Data to use:
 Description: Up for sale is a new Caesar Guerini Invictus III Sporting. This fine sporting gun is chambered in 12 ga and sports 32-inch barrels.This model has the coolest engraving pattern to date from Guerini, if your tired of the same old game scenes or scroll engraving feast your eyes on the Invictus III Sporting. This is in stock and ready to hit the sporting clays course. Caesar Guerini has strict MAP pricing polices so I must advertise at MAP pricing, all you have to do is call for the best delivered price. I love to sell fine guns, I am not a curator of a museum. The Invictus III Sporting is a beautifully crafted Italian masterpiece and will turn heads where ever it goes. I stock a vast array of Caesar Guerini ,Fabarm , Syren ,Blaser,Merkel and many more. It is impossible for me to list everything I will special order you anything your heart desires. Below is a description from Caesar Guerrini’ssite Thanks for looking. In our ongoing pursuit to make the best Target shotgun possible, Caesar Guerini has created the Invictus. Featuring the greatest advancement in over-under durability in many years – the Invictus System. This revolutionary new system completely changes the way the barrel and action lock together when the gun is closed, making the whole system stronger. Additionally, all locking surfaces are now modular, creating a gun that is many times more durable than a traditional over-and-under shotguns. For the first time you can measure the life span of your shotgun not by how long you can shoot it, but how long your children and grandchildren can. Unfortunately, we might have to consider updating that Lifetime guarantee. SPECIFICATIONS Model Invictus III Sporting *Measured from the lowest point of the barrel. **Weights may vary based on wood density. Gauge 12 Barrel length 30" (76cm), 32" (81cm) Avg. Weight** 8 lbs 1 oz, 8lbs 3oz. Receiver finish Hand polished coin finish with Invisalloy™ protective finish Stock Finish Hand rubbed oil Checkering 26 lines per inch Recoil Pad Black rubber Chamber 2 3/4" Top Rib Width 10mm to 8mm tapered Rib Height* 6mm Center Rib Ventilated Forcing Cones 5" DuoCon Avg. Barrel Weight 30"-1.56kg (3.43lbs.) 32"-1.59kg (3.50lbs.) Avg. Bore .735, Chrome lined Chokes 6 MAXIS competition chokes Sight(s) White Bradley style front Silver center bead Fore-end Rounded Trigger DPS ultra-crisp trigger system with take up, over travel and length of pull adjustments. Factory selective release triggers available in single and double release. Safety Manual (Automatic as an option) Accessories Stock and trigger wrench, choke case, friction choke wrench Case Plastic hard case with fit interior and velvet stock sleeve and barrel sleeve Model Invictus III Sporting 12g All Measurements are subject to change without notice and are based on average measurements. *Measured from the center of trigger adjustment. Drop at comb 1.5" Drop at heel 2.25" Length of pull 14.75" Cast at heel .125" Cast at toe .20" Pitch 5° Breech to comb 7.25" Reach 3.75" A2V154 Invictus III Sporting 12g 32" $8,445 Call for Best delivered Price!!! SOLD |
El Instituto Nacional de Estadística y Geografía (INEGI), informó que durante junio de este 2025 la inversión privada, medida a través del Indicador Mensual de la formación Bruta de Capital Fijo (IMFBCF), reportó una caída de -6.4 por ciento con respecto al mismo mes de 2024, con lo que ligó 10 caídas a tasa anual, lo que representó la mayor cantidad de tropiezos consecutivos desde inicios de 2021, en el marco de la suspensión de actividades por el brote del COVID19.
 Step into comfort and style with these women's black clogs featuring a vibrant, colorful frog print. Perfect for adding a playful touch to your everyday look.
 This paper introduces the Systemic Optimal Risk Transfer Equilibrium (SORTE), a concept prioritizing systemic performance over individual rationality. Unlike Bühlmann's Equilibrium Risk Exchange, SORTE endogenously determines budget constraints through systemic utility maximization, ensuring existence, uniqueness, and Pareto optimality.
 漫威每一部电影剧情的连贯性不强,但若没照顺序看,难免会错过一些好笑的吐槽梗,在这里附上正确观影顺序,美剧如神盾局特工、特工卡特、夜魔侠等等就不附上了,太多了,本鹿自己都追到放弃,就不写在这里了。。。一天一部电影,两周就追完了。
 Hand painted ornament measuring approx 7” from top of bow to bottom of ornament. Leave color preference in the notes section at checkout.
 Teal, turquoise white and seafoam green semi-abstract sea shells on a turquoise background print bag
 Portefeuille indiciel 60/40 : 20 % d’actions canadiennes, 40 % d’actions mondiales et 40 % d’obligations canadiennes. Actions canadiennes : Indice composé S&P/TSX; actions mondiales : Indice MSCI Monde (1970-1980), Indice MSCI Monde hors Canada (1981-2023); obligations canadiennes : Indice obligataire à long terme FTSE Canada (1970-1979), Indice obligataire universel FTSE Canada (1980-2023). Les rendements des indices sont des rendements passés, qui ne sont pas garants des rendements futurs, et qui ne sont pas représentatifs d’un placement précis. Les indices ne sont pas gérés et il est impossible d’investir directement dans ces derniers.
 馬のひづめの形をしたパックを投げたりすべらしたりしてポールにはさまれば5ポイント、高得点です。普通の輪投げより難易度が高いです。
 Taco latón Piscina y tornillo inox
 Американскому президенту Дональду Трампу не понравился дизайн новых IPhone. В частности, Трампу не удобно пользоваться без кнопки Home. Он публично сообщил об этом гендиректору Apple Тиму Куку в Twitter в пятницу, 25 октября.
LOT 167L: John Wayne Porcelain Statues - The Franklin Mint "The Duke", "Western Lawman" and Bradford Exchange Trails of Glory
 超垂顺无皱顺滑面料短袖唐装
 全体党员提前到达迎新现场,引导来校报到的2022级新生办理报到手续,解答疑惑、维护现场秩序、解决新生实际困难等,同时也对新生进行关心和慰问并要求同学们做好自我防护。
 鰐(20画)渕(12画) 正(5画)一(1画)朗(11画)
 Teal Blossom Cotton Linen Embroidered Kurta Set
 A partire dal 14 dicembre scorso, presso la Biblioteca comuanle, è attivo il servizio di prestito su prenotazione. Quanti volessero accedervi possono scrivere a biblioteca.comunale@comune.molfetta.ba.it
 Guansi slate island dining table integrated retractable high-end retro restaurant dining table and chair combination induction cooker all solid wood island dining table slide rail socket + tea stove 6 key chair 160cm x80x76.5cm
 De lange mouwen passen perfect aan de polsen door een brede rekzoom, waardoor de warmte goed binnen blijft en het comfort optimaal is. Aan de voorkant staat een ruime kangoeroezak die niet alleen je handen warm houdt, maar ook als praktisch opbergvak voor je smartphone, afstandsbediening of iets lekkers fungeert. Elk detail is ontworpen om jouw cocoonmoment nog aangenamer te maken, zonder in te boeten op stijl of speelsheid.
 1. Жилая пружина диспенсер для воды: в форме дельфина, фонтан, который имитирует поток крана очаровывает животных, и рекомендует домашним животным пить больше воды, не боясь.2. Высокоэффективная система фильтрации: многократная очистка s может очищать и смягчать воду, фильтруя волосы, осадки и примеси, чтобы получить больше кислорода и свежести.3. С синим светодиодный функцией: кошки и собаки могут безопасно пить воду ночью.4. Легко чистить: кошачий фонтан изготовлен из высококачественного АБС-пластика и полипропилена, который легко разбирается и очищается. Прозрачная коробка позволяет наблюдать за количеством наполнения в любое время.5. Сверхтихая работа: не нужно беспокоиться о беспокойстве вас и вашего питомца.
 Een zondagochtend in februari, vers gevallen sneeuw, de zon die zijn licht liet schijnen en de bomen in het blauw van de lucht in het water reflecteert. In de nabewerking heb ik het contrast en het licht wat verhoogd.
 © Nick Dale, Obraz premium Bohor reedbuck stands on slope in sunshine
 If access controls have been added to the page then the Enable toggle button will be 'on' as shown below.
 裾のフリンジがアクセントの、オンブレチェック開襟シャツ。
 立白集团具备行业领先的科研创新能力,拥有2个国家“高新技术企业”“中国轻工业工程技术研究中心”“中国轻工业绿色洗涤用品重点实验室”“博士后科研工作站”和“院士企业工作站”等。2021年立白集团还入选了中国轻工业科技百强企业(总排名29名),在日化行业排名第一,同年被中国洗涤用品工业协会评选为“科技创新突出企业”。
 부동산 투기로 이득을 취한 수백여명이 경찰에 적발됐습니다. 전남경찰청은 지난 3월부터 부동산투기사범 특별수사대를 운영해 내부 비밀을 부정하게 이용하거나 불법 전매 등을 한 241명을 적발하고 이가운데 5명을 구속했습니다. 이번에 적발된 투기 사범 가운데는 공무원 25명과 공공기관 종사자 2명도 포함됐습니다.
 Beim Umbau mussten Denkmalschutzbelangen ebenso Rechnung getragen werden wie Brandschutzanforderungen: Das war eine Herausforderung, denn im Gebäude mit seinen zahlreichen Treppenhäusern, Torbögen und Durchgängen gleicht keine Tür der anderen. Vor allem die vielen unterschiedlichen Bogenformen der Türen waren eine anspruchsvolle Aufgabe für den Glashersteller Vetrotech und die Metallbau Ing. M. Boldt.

Requirement: Go through the listing above and write out exactly the lines starting with the one holding "LOT 167L: John" and running through the one holding "Guansi slate island", ends included, and no others.

Your solution:
LOT 167L: John Wayne Porcelain Statues - The Franklin Mint "The Duke", "Western Lawman" and Bradford Exchange Trails of Glory
 超垂顺无皱顺滑面料短袖唐装
 全体党员提前到达迎新现场,引导来校报到的2022级新生办理报到手续,解答疑惑、维护现场秩序、解决新生实际困难等,同时也对新生进行关心和慰问并要求同学们做好自我防护。
 鰐(20画)渕(12画) 正(5画)一(1画)朗(11画)
 Teal Blossom Cotton Linen Embroidered Kurta Set
 A partire dal 14 dicembre scorso, presso la Biblioteca comuanle, è attivo il servizio di prestito su prenotazione. Quanti volessero accedervi possono scrivere a biblioteca.comunale@comune.molfetta.ba.it
 Guansi slate island dining table integrated retractable high-end retro restaurant dining table and chair combination induction cooker all solid wood island dining table slide rail socket + tea stove 6 key chair 160cm x80x76.5cm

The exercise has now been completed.